State-by-State Variations
IRA taxation is primarily federal, but state income tax treatment varies — some states fully tax IRA withdrawals, others exempt retirement income entirely, and several offer partial exclusions that benefit retirees but not early withdrawals.
| State | Key Difference |
|---|---|
| Florida | No state income tax. IRA withdrawals — including early distributions — face only federal taxes and penalties, making Florida one of the most tax-efficient states for retirement account liquidation. |
| Illinois | Fully exempts retirement income from state income tax, including IRA distributions. Early withdrawals from IRAs are not subject to Illinois income tax regardless of age. |
| California | Taxes all IRA distributions as ordinary income at rates up to 13.3%. Also imposes a 2.5% additional state early withdrawal penalty on top of the 10% federal penalty for distributions before 59½. |
| Georgia | Offers a retirement income exclusion of up to $65,000 per person for taxpayers age 62-64 and up to $130,000 for those 65+ — but this exclusion does not apply to early withdrawals before age 59½. |
| Mississippi | Fully exempts all retirement income from state income tax, including IRA distributions at any age.
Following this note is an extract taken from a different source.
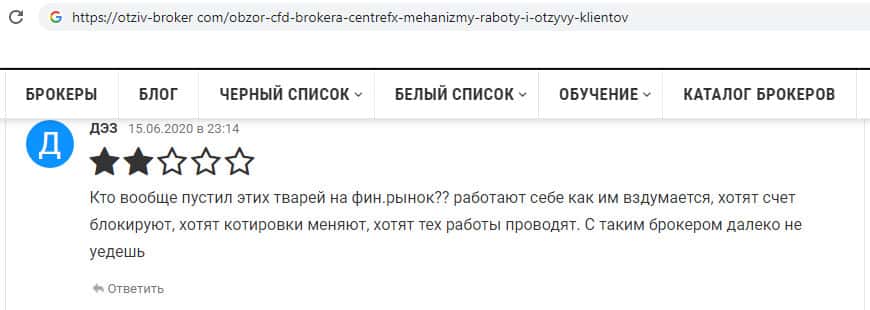 На интернет ресурсе otziv-broker com мы нашли статью о компании кидал CentreFX, в которой говорится о том, что отрицательной информации о компании набралось большое количество, и этого хватит для того, что бы поместить псевдоброкера в чёрный список. Сайт категорически не рекомендует сотрудничать с данным лжеброкером.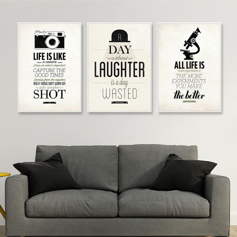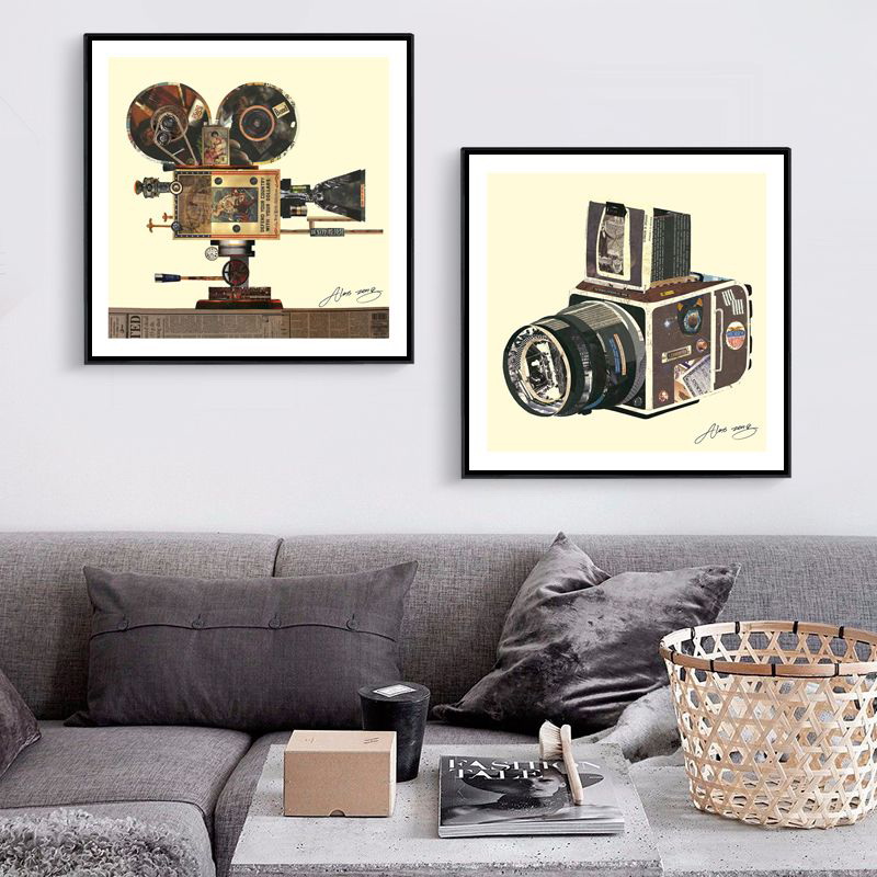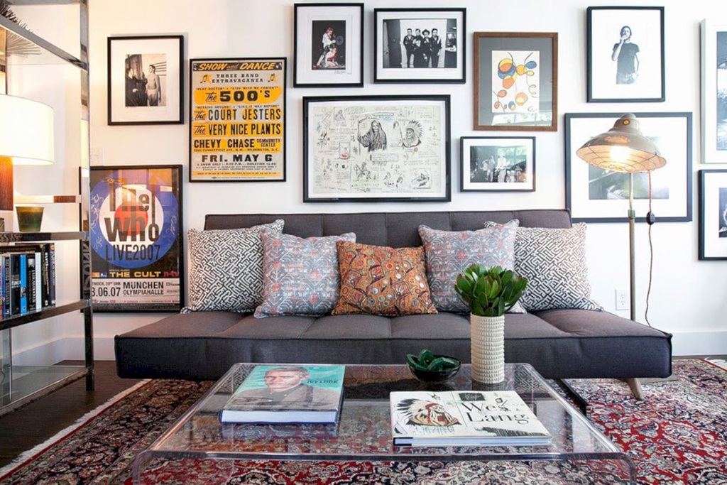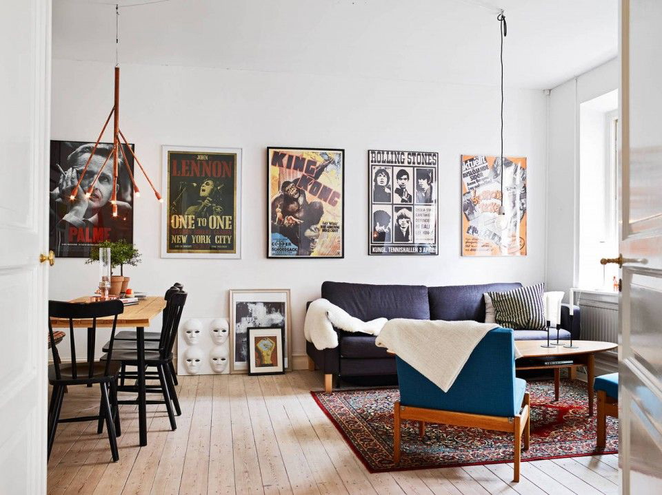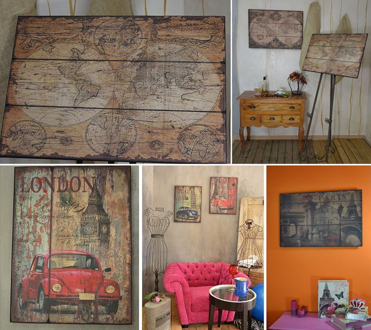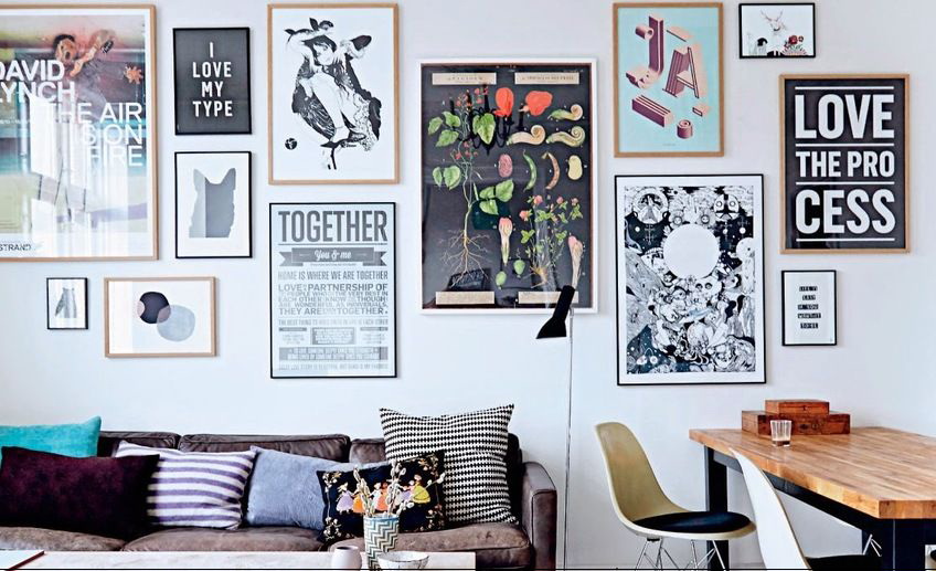- Combinação harmoniosa de pinturas de diferentes formas e direções, como cartazes e naturezas-mortas.

Combined with lower cost of living (highest purchasing power per dollar in the U.S.), this makes Mississippi attractive for retirees. |
Frequently Asked Questions
What is the difference between a Traditional and Roth IRA?
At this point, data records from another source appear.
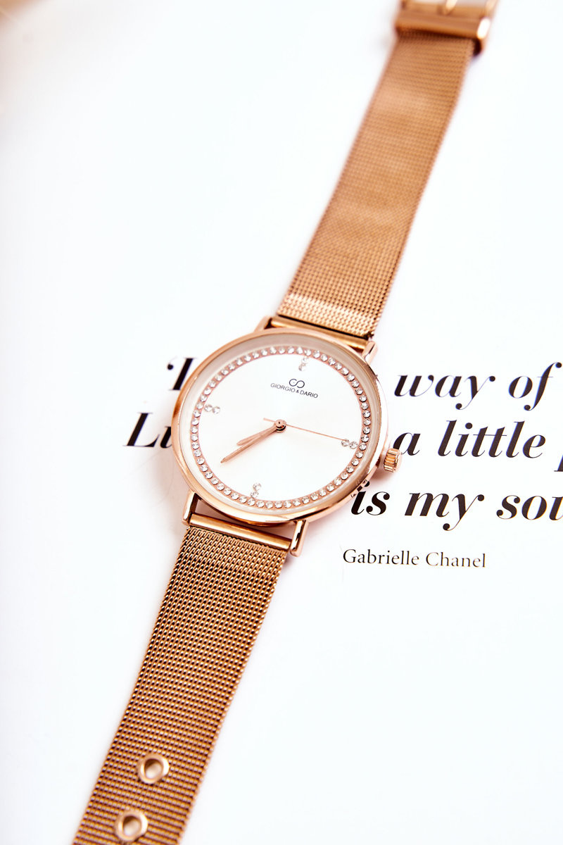 Zegarek Damski Analogowy Z Cyrkoniami Różowe Złoto Giorgio & Dario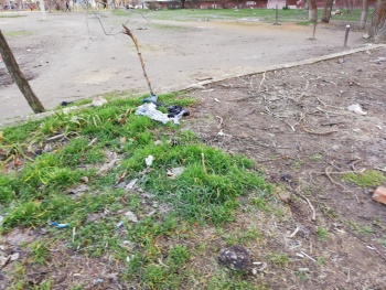 «Ну мы никак ни хотим работать, посмотрите во что превратился двор по Еременко 38, 39, 40!Он превратился в стоянку для машин жлобных водителей, которые приезжают отовариваться на центральный рынок и которые потом развозят месиво грязи по всему двору. Ну можно, конечно, вкопать столбики, что бы ограничить заезд машин на газоны, детскую площадку, а потом и облагородить дворовую территорию, НО МЫ НЕ ХОТИМ!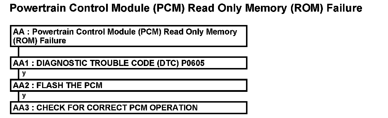 PINPOINT TEST AA: POWERTRAIN CONTROL MODULE (PCM) READ ONLY MEMORY (ROM) FAILUREFlow Chart: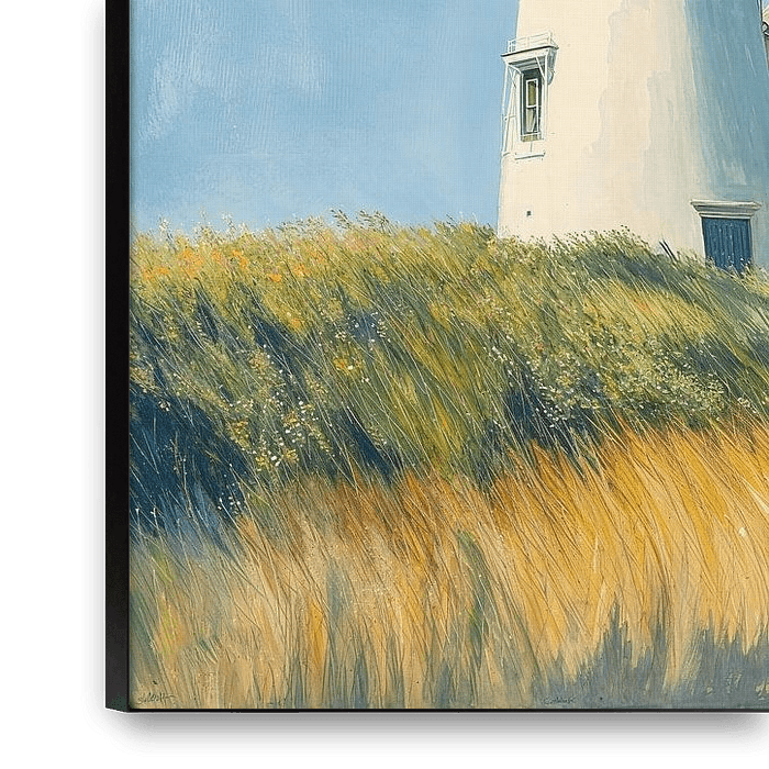 Das Gemälde zeigt einen majestätischen Leuchtturm, der stolz an einer rauen Küste thront. Umgeben von sanften Wellen und schroffen Felsen strahlt der Leuchtturm ein warmes, einladendes Licht aus, das den Betrachter in seinen Bann zieht. Die Farbpalette ist geprägt von sanften Blau- und Grautönen, die die melancholische Stimmung des…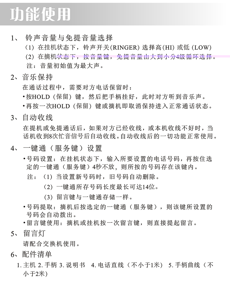 7、音乐保留(3级音量可调),并机取机自动解除保留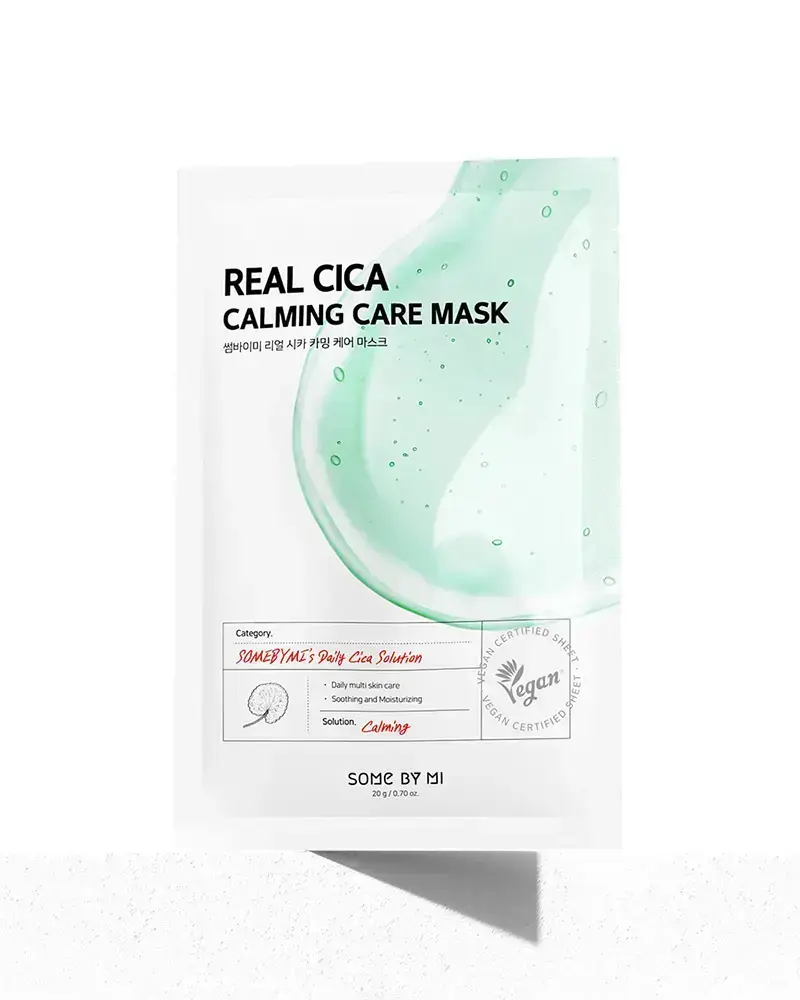 Infused with a powerful blend of cica ingredients, this mask soothes and heals your skin, the Centella asiatica extract, madecassoside, Asiatic acid, asiaticoside, and madecassic acid-enriched formula providing immediate relief. Specifically designed to target excess sebum production while shielding against the harmful effect of environmental stressors, this mask reinforces your skin's natural barrier, locking in moisture to keep it radiant, calm, and clear. Ideal for calming stressed, problematic, and irritated skin, this mask soothes and moisturises, adhering perfectly to the contours of your face without bubbles for a comfortable moment of self care. Benefits of SOME BY MI Real Cica Calming Care Sheet Mask 20g: Soothes and heals your skin. Targets excess sebum production to balance your skin. Strengthens your skin's natural barrier. How to use: After cleansing and toning, apply the mask evenly across your face, ensuring full coverage. Leave on for 10-20 minutes to allow the active ingredients to absorb. After removal, gently pat any remaining essence into your skin for maximum absorption. Size: 20g.

Traditional IRA contributions may be tax-deductible now, but withdrawals in retirement are taxed as income. Roth IRA contributions are after-tax, but qualified withdrawals are entirely tax-free. Traditional reduces your tax bill today; Roth eliminates taxes on potentially decades of investment growth.
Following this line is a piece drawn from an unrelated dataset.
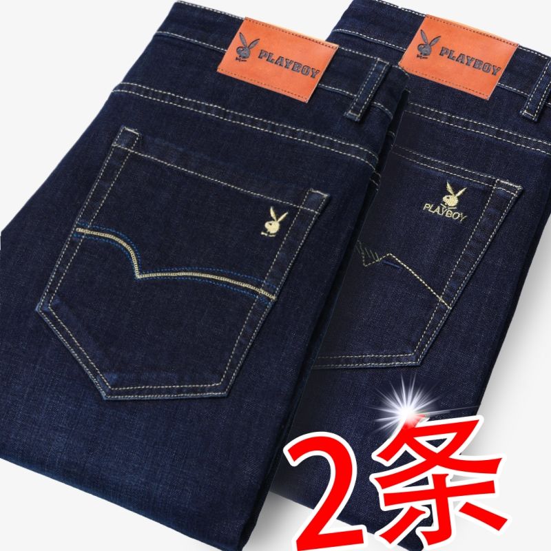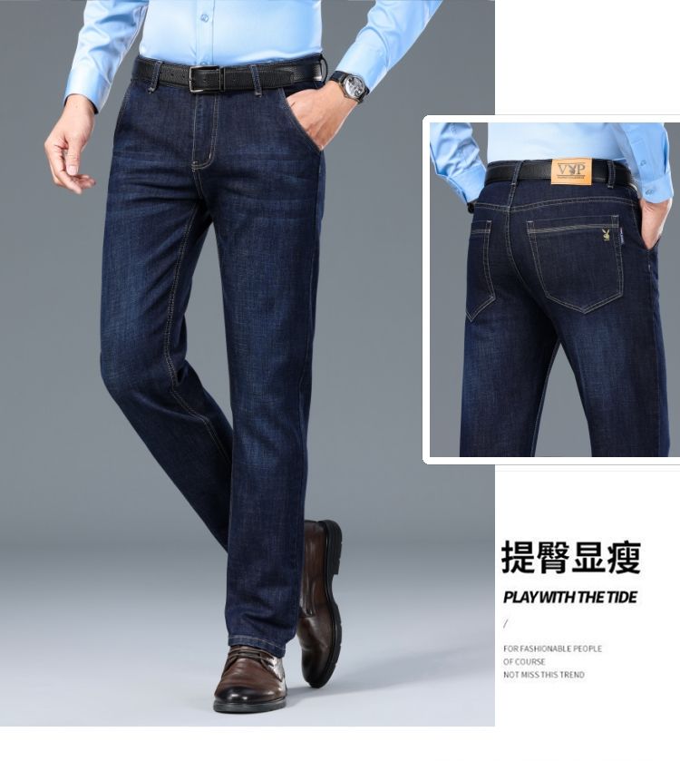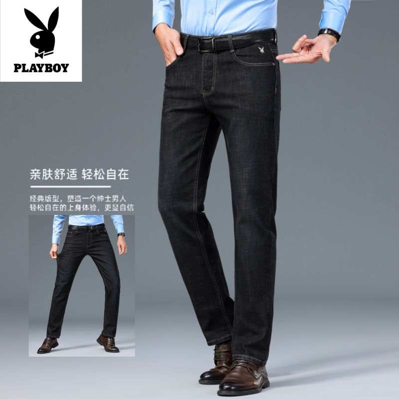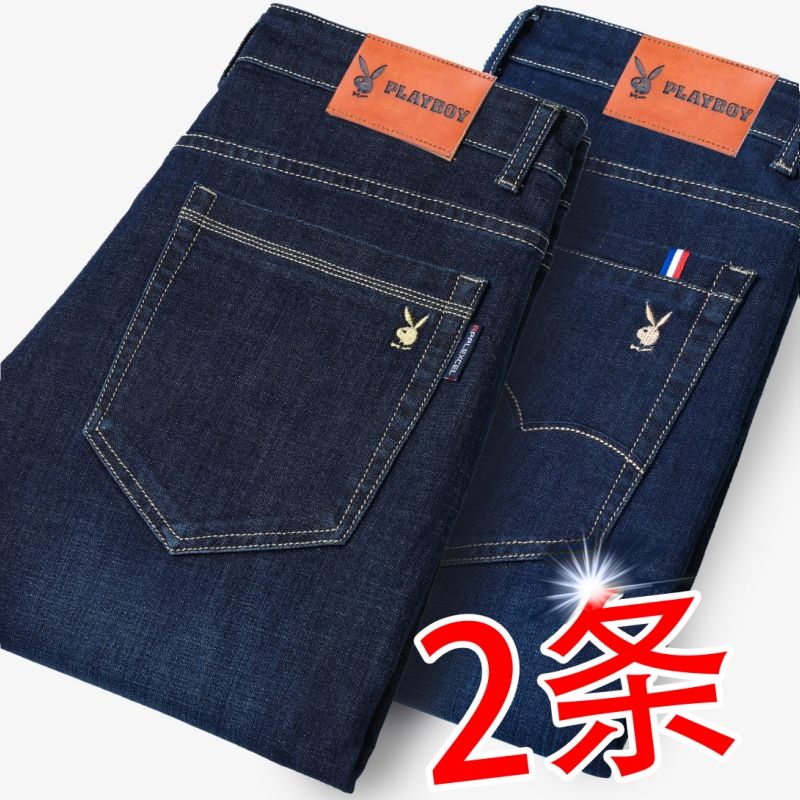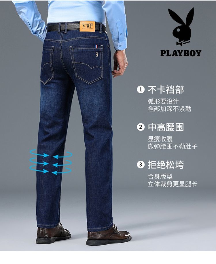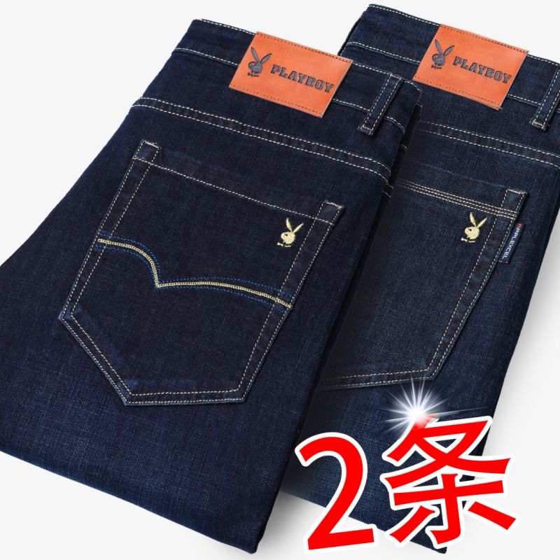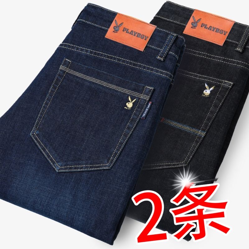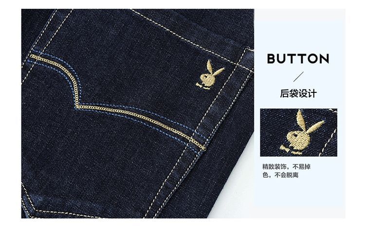 花花公子男士牛仔秋冬厚款宽松直筒弹力高腰中青年大码男加绒裤子

Can I have both a 401(k) and an IRA?
Yes. You can contribute to both a 401(k) and an IRA in the same year. However, if you have a workplace retirement plan, your ability to deduct Traditional IRA contributions phases out at certain income levels. Roth IRA contributions have separate income limits regardless of workplace plan coverage.
Can I withdraw from my IRA to prevent foreclosure?
There is no specific IRA penalty exception for preventing foreclosure (unlike 401(k) hardship withdrawals). You would pay the 10% early withdrawal penalty plus income tax. Roth IRA contributions (not earnings) can be withdrawn penalty-free, making a Roth more accessible in emergencies.
What happens to my IRA if I don't withdraw by age 73?
Traditional IRAs require minimum distributions (RMDs) starting at age 73. Failure to take the RMD triggers a 25% excise tax on the amount not withdrawn (reduced from 50% by SECURE 2.0). Roth IRAs have no RMDs during the owner's lifetime.
How does an IRA relate to the American Distress Index?
The ADI tracks retirement account withdrawals as Buffer Depletion indicators. While the ADI directly monitors 401(k) hardship rates, IRA early withdrawals follow the same distress pattern — households raiding long-term savings when short-term buffers are exhausted.